Degrowth and the falling rate of profit
Why is degrowth wrong from a Marxist perspective? Let me explain with the fractions below.
73/105 (69%), 55/74 (74%), 39/49 (80%), 21/23 (91%), 13/10 (130%)
Anyone trained in Marxist economics should recognize this immediately. For the uninitiated (and don’t worry Marxism isn’t exactly a badge of honor anymore) these are hypothetical ratios for either the rate of surplus value or the rate of profit. It doesn’t matter which one, both make the same point.
In Marxist economics, value is comprised of three parts: constant capital (c), variable capital (v), and surplus value (s) for the formula
C = s +c +v
Constant capital (or fixed capital) is machines, technology, and PPE.
Variable capital is the amount of compensation to workers
And surplus is the additional value created via the labor process.
The rate of surplus value ie the degree of exploitation is calculated as the ratio of s/v, that is how much new value is made over and above the level of worker compensation.
The rate of profit is the ratio between surplus and constant capital, or s/c.
Now reconsider the fractions above. When the denominator s rises relative to the numerator c (or v) it means more exploitation and more profit for the capitalist. This is true regardless of the size of the total capital.
In fact smaller capitals tend to yield higher rates of profit and be more exploitative because they are easier to reproduce and require less fixed capital investment (in Marxist terms they have lower organic composition of capital).
Why does this definitively prove degrowth wrong to the point that the whole issue should have been put to rest decades ago?
Because degrowthers want to reduce the size of the fraction without addressing what’s really important, the ratio. And moreover the fact that the rate of profit especially in fact tends to fall as the size of capital increases.
Conversely, reducing the size of the stock of capital, or the denominator c, under capitalist relations in fact simply increases exploitation and raises the rate of profit!
So what the real solution to the degrowth trap? From the perspective of the falling rate of profit, it logically follows that it would be to reduce the size of (s) and raise that of (c) especially in proportion to each other. In other words it means very simply mechanization and rising wages.
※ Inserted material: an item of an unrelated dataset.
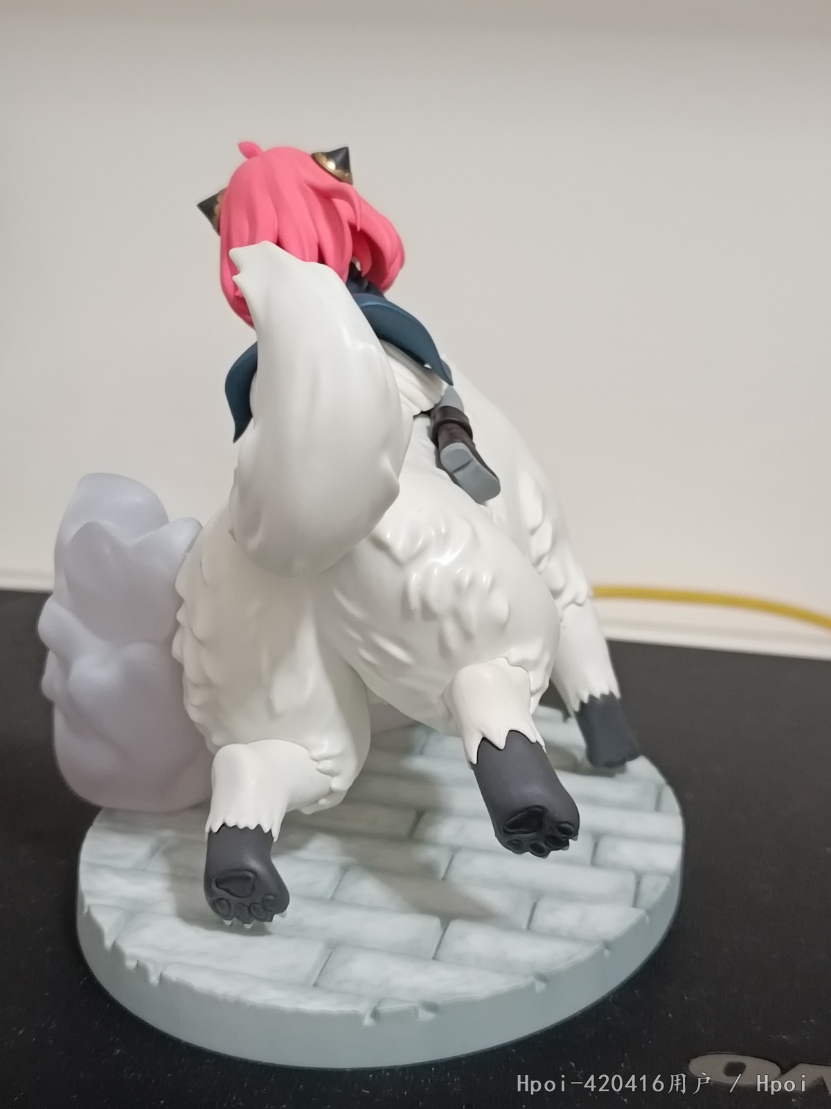 狗和地台有桩位连接,不是很好装,但是也能直接装进去。阿尼亚和狗没有桩连接,是通过狗背上开的几个槽卡上去的,但是阿尼亚的手臂和卡槽有点差距,需要自己掰一下手臂才能卡进去(当然不排除个人中奖),卡好后阿尼亚倒着放都是不会掉的。

More specifically this means an increased power of labor (over production as well as political power) alongside mechanization that is subject to the rational planned control of workers (ie operates toward meeting real need rather than just profit).
This and only this would reduce the rate of profit to unsustainable levels in contrast to degrowth which in its current form will only simply raise it through increased worker exploration and impoverishment.
The ruling class as a matter of fact has already long ago grasped this and have thus embraced degrowth as their most recent iteration of Malthusian depopulation policies.